CSF: cerebrospinal fluid; MRI: magnetic resonance imaging; COVID-19: coronavirus disease 2019; IV: intravenous; ANA: antinuclear antibody; ANCA: antineutrophil cytoplasmic antibodies; MOG: myelin oligodendrocyte glycoprotein; Ig: immunoglobulin; FLAMES: FLAIR-hyperintense lesions in anti-MOG associated encephalitis with seizures; FLAIR: fluid-attenuated inversion recovery
| Case | Clinical features | Treatment offered |
| Case 1 | Symptom onset six days after the first dose. Recurrent headaches, terminal neck stiffness, and grade I papilledema. CSF was initially normal.

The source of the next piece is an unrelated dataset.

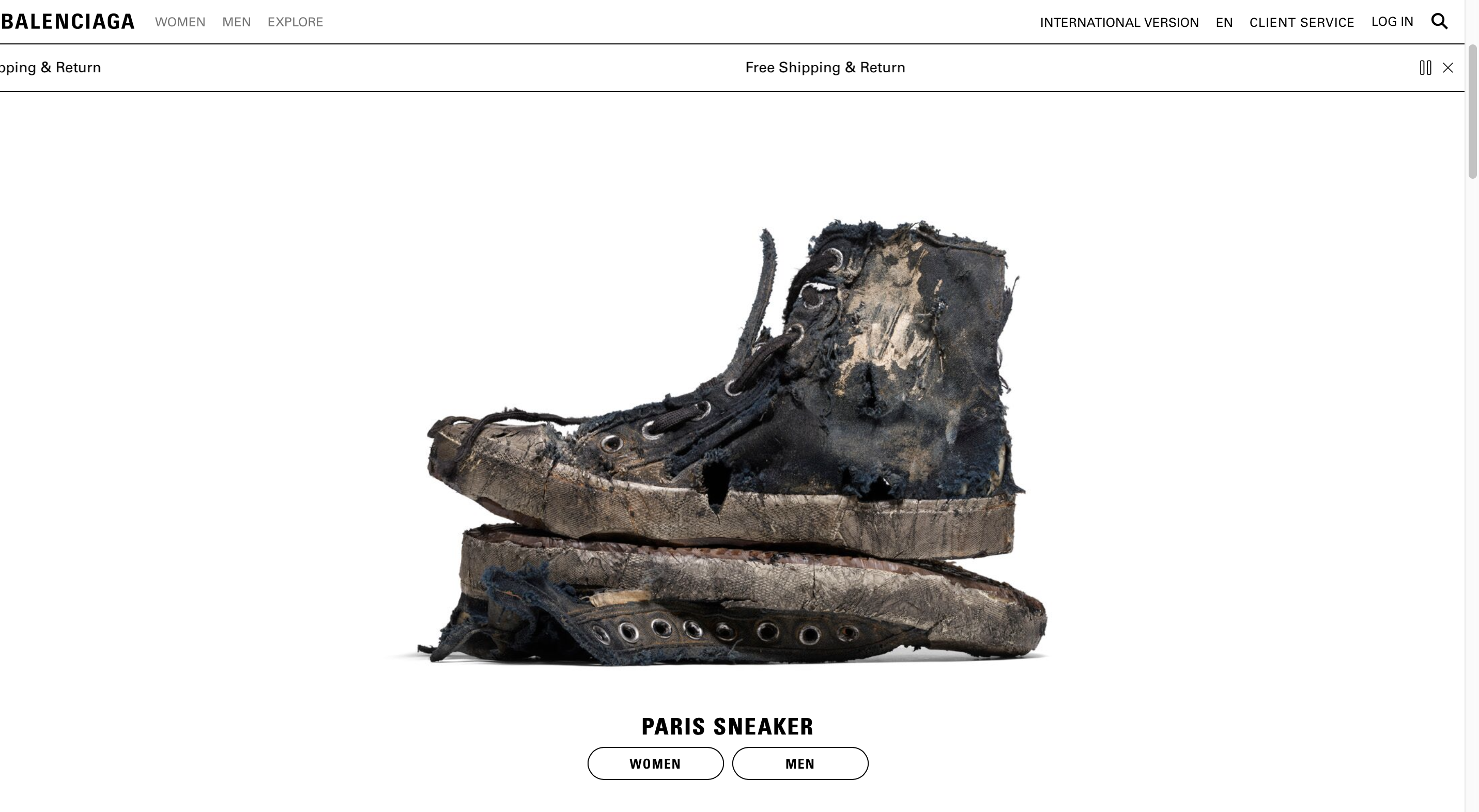 据了解,巴黎世家最新推出的这双高价“破鞋”是为了环保。这双鞋实际上并未使用特殊的环保材料,也不具备可回收的价值,而是因为这些鞋子“非常破旧,有标记,而且很脏”,表明“是要穿一辈子的”,由此体现反对过度消费的环保理念。

MRI initially displayed leptomeningeal enhancement, followed by tumefactive demyelination. Serum COVID-19 anti-spike antibody was strongly positive. Brain biopsy proved demyelination | IV dexamethasone 4 mg BD for seven days, IV methylprednisolone 1 g/day for three days, two doses of IV rituximab 1 g. Improvement was noted at 60 days |
| Case 2 | Symptom onset 10 days after the first dose. Headaches, followed by optic neuritis. ANA and ANCA negative. CSF examination showed 25 cells, all lymphocytes with normal protein and sugar, and oligoclonal bands. CSF meningoencephalitis panel, neuronal antibody panel, ANA, and ANCA were negative. Serum MOG IgG antibody was repeatedly positive | IV methylprednisolone 1 g/day for five days, followed by oral prednisolone 40 mg, and mycophenolate 1 g/day. IVIg 2 g/kg over five days and IV methylprednisolone 1 g/kg for five days. Two doses of rituximab 1 g IV, followed by oral prednisolone 40 mg/day and mycophenolate 1 g/day. Recurrent headaches. Improvement noted by month seven |
| Case 3 | Severe right-sided headache and right ear pain One day after the second dose of the ChAdOx1 vaccination. Alternating hemiplegia was noted. CSF meningoencephalitis panel, neuronal antibody panel, ANA, and ANCA were negative. Serum MOG IgG antibody was repeatedly positive. CSF showed 30 cells (all lymphocytes) with normal glucose and protein levels Repeat MRI showed FLAMES | IV methylprednisolone 1 g/day over five days. Rituximab 1 g IV for two doses. Improvement noted in three weeks |
Discussion
Our cases fulfilled diagnostic criteria for MOGAD and were diagnosed with PV-MOGAD. The initial presentation with isolated headaches and the tardy development of a demyelinating disorder (30-60 days later), alternating hemiparesis, and late MRI changes delayed the diagnosis of MOGAD [9]. Similar to other autoimmune ChAdOx1-AEFI (which present within six weeks after vaccination), our patients developed symptoms 10 days after vaccination. The subsequent disease evolution, recurrence, relapse on steroid discontinuation (case 2), and MOG antibody persistence for months suggest the triggering of a MOGAD requiring long-term therapy. Case 2 had a refractory prolonged headache that took over a month to resolve, despite multiple pain medications and immunomodulators. Case 3 had headaches, alternating hemiparesis, and unilateral cortical encephalitis compatible with FLAMES (FLAIR-hyperintense lesions in anti-MOG-associated encephalitis with seizures). As PV-MOGAD developed after adenovector vaccination, we hypothesize that the host response to components of the ChAdOx1 vaccine induced anti-MOG antibodies.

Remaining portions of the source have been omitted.